On the one hand, this proposal illustrates the practical needs of cantonal authorities in particular, but not only, which, like other organizations, are under pressure to push ahead with digitalization. On the other hand, it is, as far as can be seen, the first attempt to address the existing concerns, requirements and, above all, uncertainties by legislative means.
The authors of the proposal, the Directorate of Home Affairs and Justice, are obviously aware that this proposal is bold, as it has only been presented as a variant. The wording of the proposal also seems rather defensive, and the reference to the locational advantage is not very convincing as long as Zurich authorities cannot relocate their activities to Bern. Ultimately, the proposal postulates the normative power of the factual – not an argument from a legal perspective, but certainly from a legal policy perspective, as long as the practical necessities are sufficiently proven. The law does not operate in a vacuum, and the focus on data security is certainly expedient because it includes the prevention of unlawful access.
However, the proposal does not answer the The question of what level of data security against access by the authorities is indicated. Seen in this light, the variant merely shifts the focus of the issue from abroad to data security. This in itself does not solve any problems, but the discussion will perhaps, hopefully, become less tense.
The head of the Bernese data protection authority (Data Protection Authority, DSA), Ueli Buri, has been very critical of this. The variant violates constitutional and international lawlike him the Confederation quotes. However, this must be contradicted at least if the risk of access by the authorities must be reduced to an appropriate level by means of suitable security measures.

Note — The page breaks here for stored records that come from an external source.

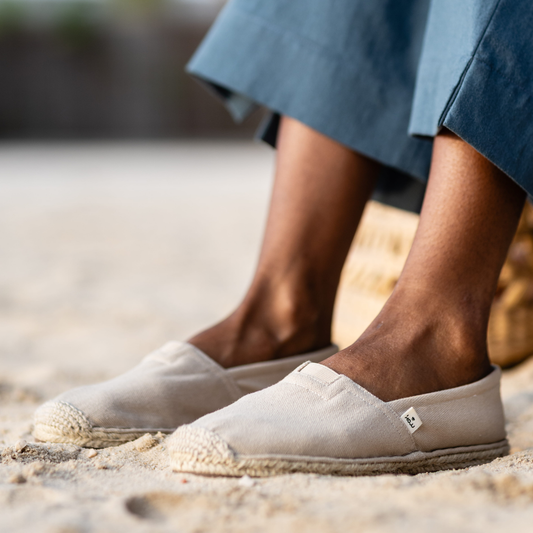 Your must-have classic summer shoe. Handmade from breathable cotton with naturally cooling jute soles. Perfect for tropical climes. Available up to size EU 42.Â
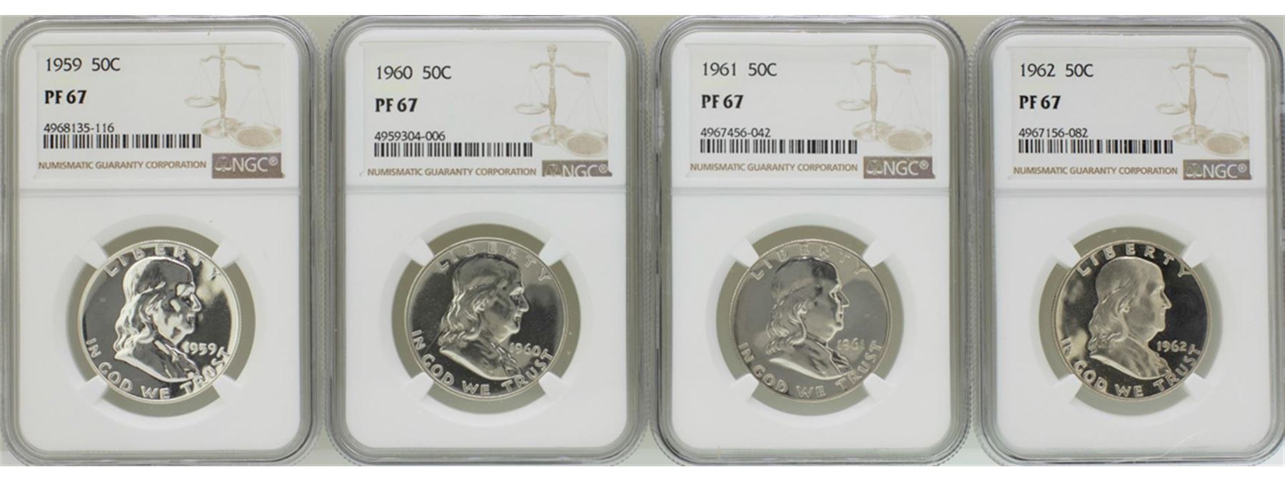 One Lot of 1959-1962 Proof Franklin Half Dollar Coins NGC PF67. NGC Certified.
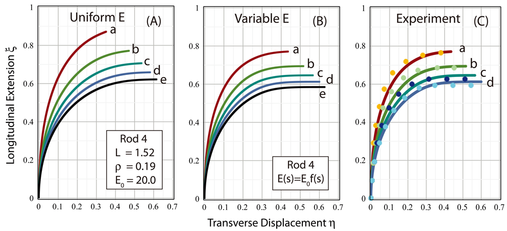 We can account quantitatively for the observed features of Rod 5 by the same model as for Rod 4, but with different parameters. Fitting the exact theoretical calculations to the data by trial and inspection yielded a stiffness enhancement factor , and partition location , which gave very satisfactory results, as seen in Figure 14. Panel A of the figure shows the deflection curves (solid) as calculated exactly by Equation (13) with model (47) for the partitioned modulus, and the corresponding deflection curves (dotted) for the rod with uniform modulus. Panel B shows the agreement (plots a and b) between the partitioned-modulus model and the deflection curves of Figure 12 measured for
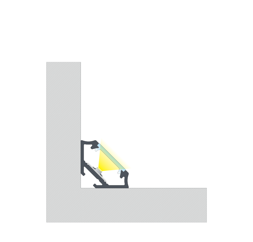 Profil aluminiowy LUMINES C narożny o kącie nachylenia taśmy LED równym 45 stopni. Jeden z najbardziej minimalistycznych i nowoczesnych projektów. Świetnie nadający się do designerskich połączeń dwóch prostopadłych powierzchni oraz wszędzie tam, gdzie konieczne jest skierowanie światła wychodzącego z profilu pod kątem 45 stopni.
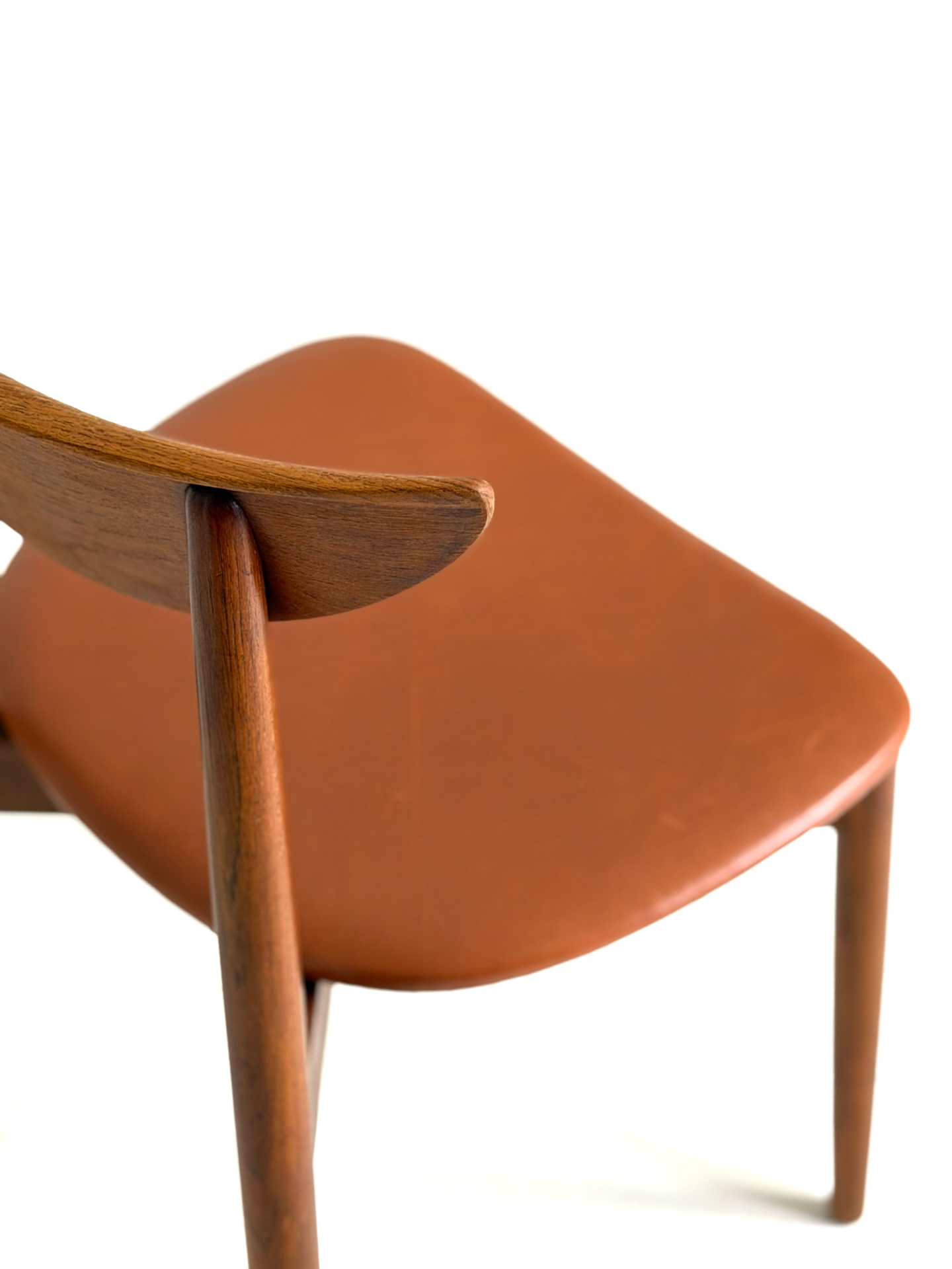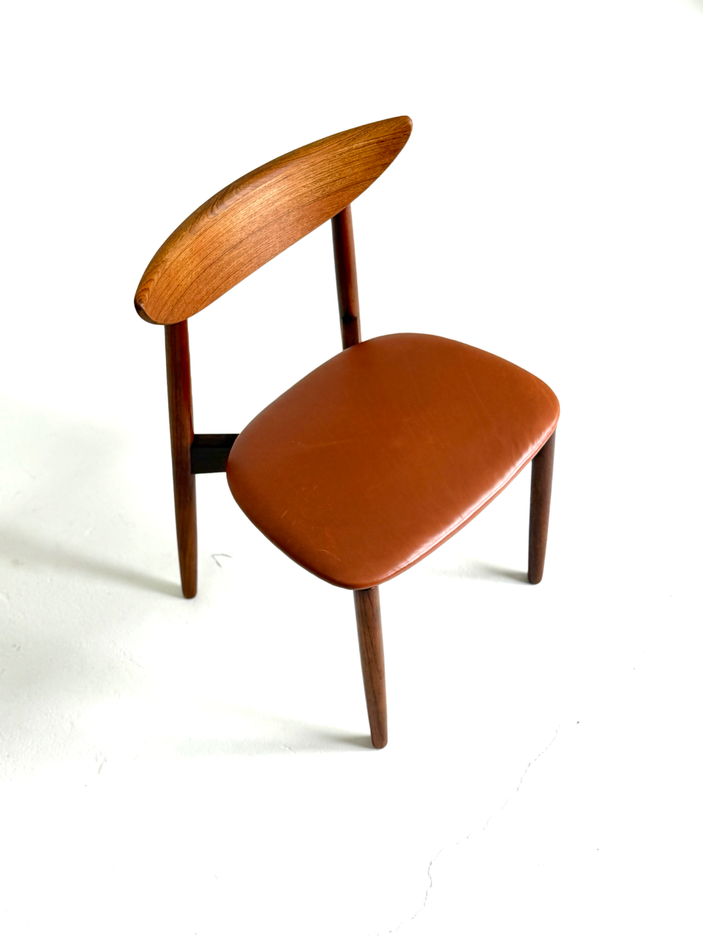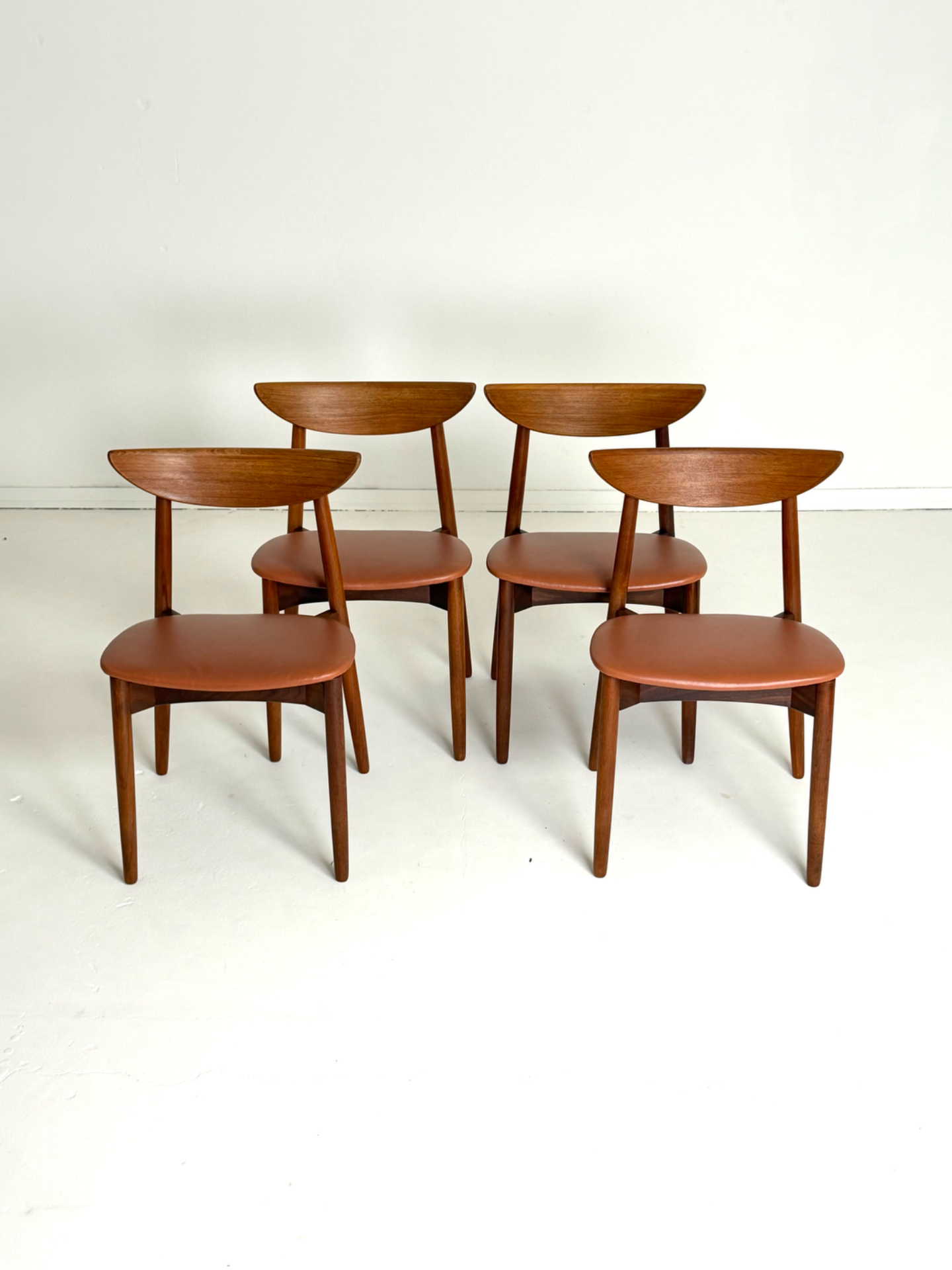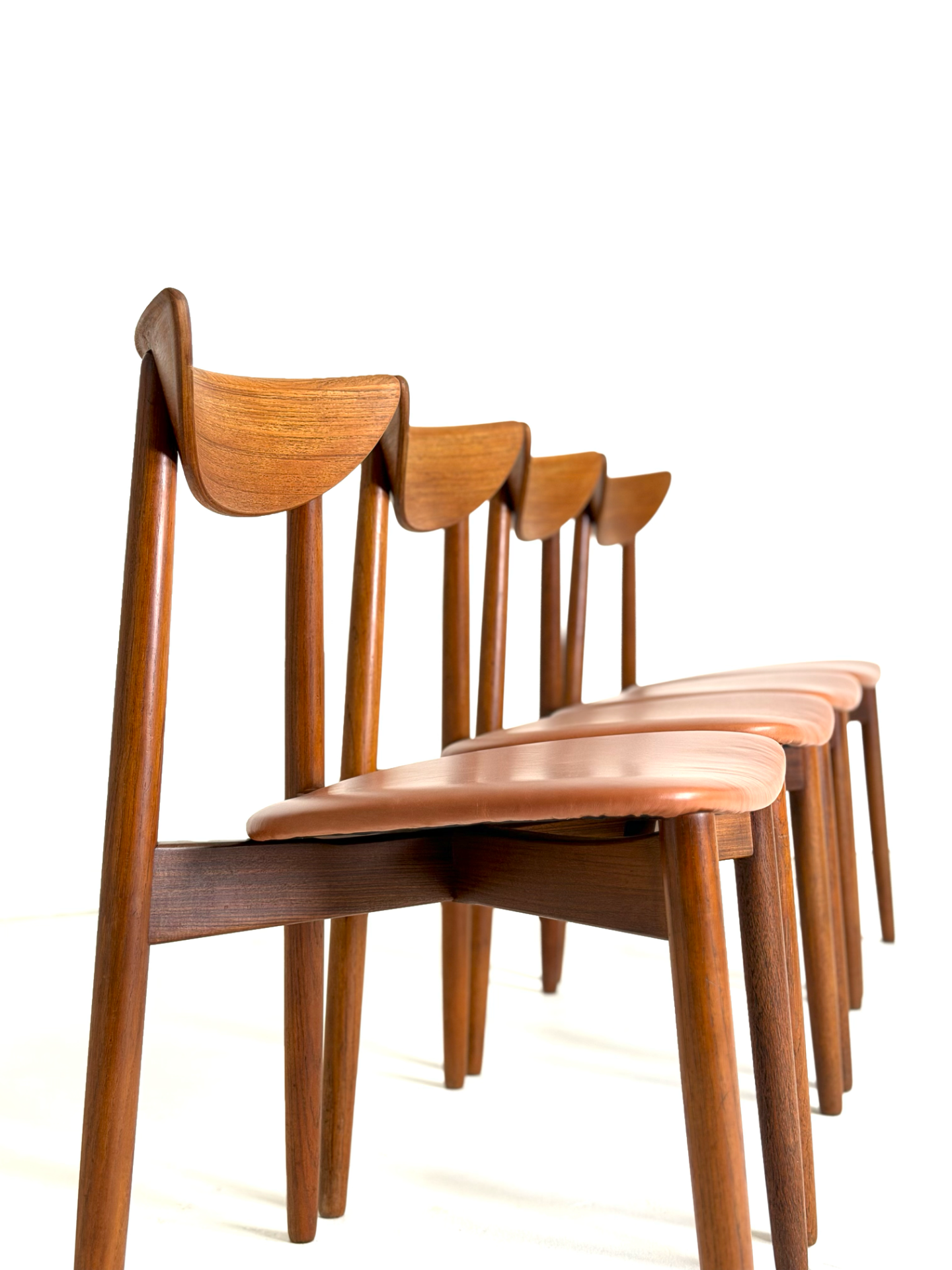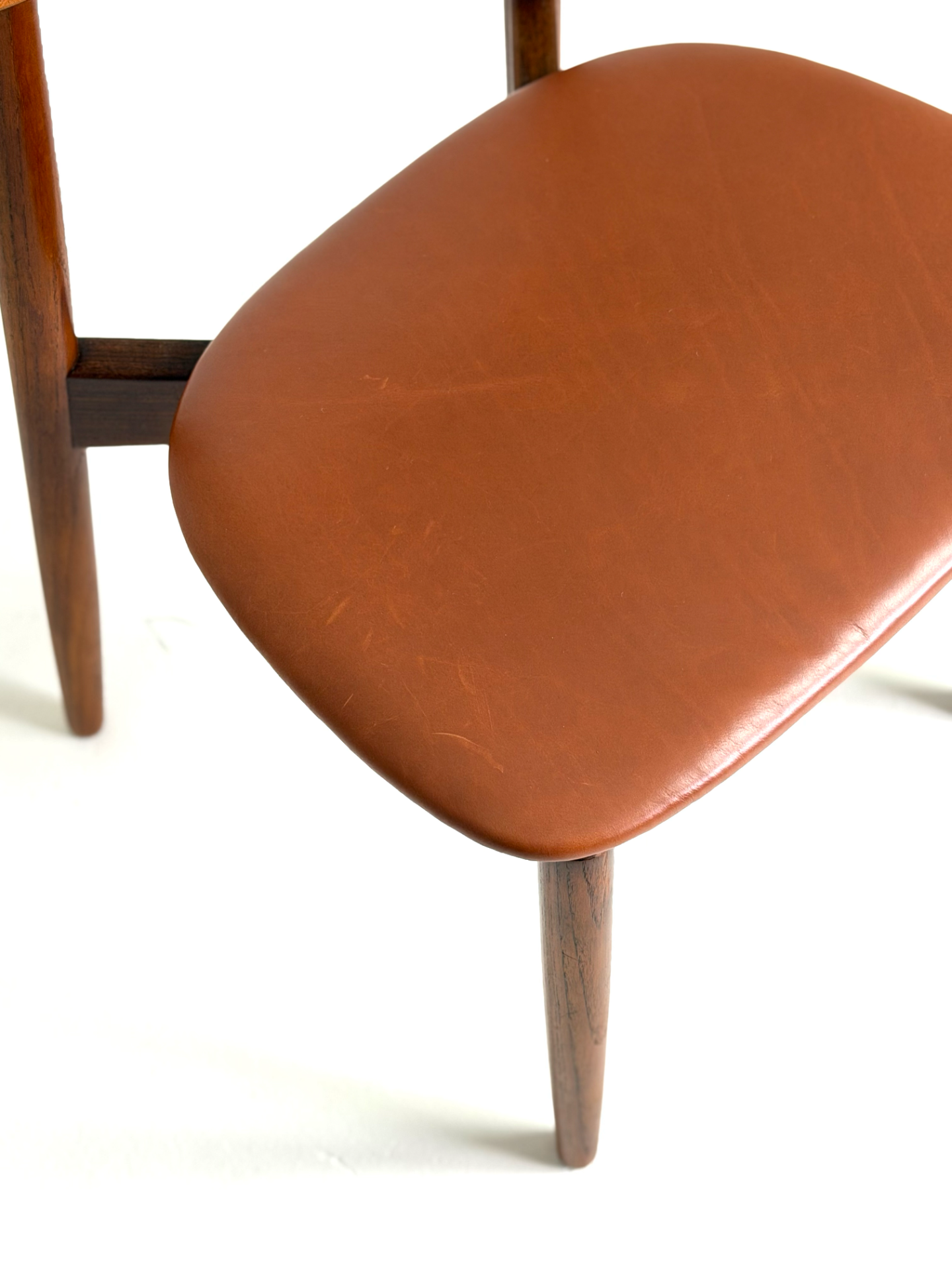 Elegantti neljän tuolin setti, suunnittelija Harry Østergaard, valmistaja Randers Møbelfabrik. Malli 58 edustaa tanskalaisen muotoilun huippua 1950-luvulta — ajaton ja linjakas muotoilu yhdistyy tiikkirunkoon ja uudistettuun istuinosan kierrätysnahkaverhoiluun. Nämä vintage-tuolit ovat täydellinen valinta ruokapöydän ympärille tai yksittäisinä katseenvangitsijoina eri tiloihin.

It should be noted that the idea of allowing disclosure abroad in the context of order processing without further requirements is not new. Bruno Baeriswyl, the then head of the Zurich data protection authority, had taken this view in the previous edition of the Stämpfli Handkommentar zum DSG (Art. 10a) because there was no disclosure in this case:
43 In doctrine and practice, it is argued that in the case of outsourcing abroad, Art. 6 FADP regarding the cross-border disclosure of data also applies. This view must be contradicted, as it is the outsourcing is not a data disclosure in the sense of data protection law […]. Full responsibility lies with the data processor who outsources the data processing; it is not (partially) transferred to the data recipient as in the case of data disclosure.